Prevalence of preclinical CVD increases when several CV risk factors cluster and may be
regarded as a measure of CV risk factor burden (29). Common types of preclinical CVD include
coronary atherosclerosis, arterial stiffness and left ventricular hypertrophy. The two former
are more prevalent in men at all ages, but the latter is more common in women. Sex-specific
immune activation has been implicated in development of preclinical CVD in obesity and
hypertension. Thus, systemic inflammation is important in development of preclinical CVD.
Oral diseases may promote preclinical CVD through systemic vascular inflammation. However,
larger clinical studies in humans are lacking in this field.

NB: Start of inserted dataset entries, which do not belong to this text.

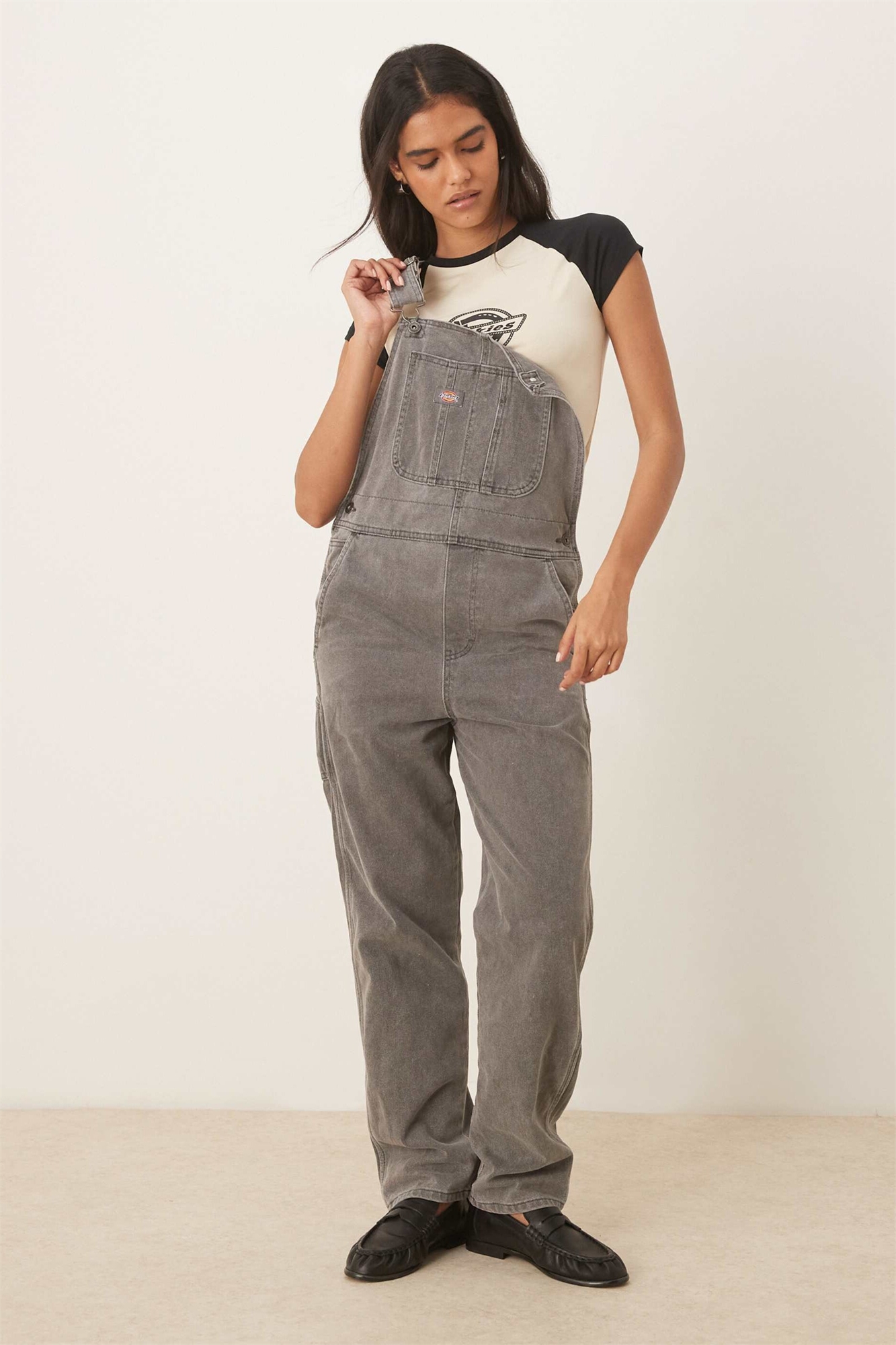 Неэластичный деним: темно-серый цвет Основной материал: 100% хлопок.
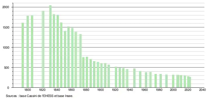 L'évolution du nombre d'habitants est connue à travers les recensements de la population effectués dans la commune depuis 1793. Pour les communes de moins de 10 000 habitants, une enquête de recensement portant sur toute la population est réalisée tous les cinq ans, les populations de référence des années intermédiaires étant quant à elles estimées par interpolation ou extrapolation[14]. Pour la commune, le premier recensement exhaustif entrant dans le cadre du nouveau dispositif a été réalisé en 2005[15].
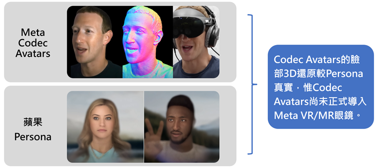与此同时,Meta也正致力于Codec Avatars技术,还原人脸动态至元宇宙,虽目前尚未正式商用,但据2023年MetaCEOMark Zuckerberg的live demo画面,Meta的Codec Avatars效果更胜苹果的Persona。

We will do the following: compare oral disease prevalence and severity in women and men with
and without preclinical CVD in HUSK-T and HUSK-3, respectively. Subgroups with higher
prevalence and more severe oral disease will be identified in sex-specific analysis.
Task 3.2 Explore whether inflammatory biomarkers of preclinical CVD may classify oral disease
in women and men The analysis will focus on circulating inflammatory markers with documented
association with CVD and periodontitis in previous research (see WP2). We will explore
whether high-sensitive C-reactive protein, serum neopterin, kynurenine/tryptophan ratio,
calprotectin and serum amyloid A levels differ between groups with combined oral diseases and
preclinical CVD compared to those with either or neither of these disorders in sex-specific
analyses combining data from the HUSK-3 and HUSK-T. Analyses will be adjusted for CV risk
factors and SES factors documented as predictors of oral diseases in WP1-2.
Methods Preclinical CVD will be assessed by validated prognostic markers following the
European guidelines. Ultrasound of the heart (echocardiography) is used for detection of left
ventricular hypertrophy by sex-specific cut-off values. Digital ultrasound images from HUSK-3
are post-processed at the Bergen core laboratory for echocardiography. Appropriate intra- and
inter-observer variation assessments will be performed. Arterial stiffness is assessed by the
state-of-the-art method (carotid-femoral pulse wave velocity) using aplanation tonometry.
Coronary atherosclerosis is assessed by coronary computed tomography (CT) angiography calcium
score, and presence of obstructive and non-obstructive coronary artery disease following the
American Heart Association recommendations.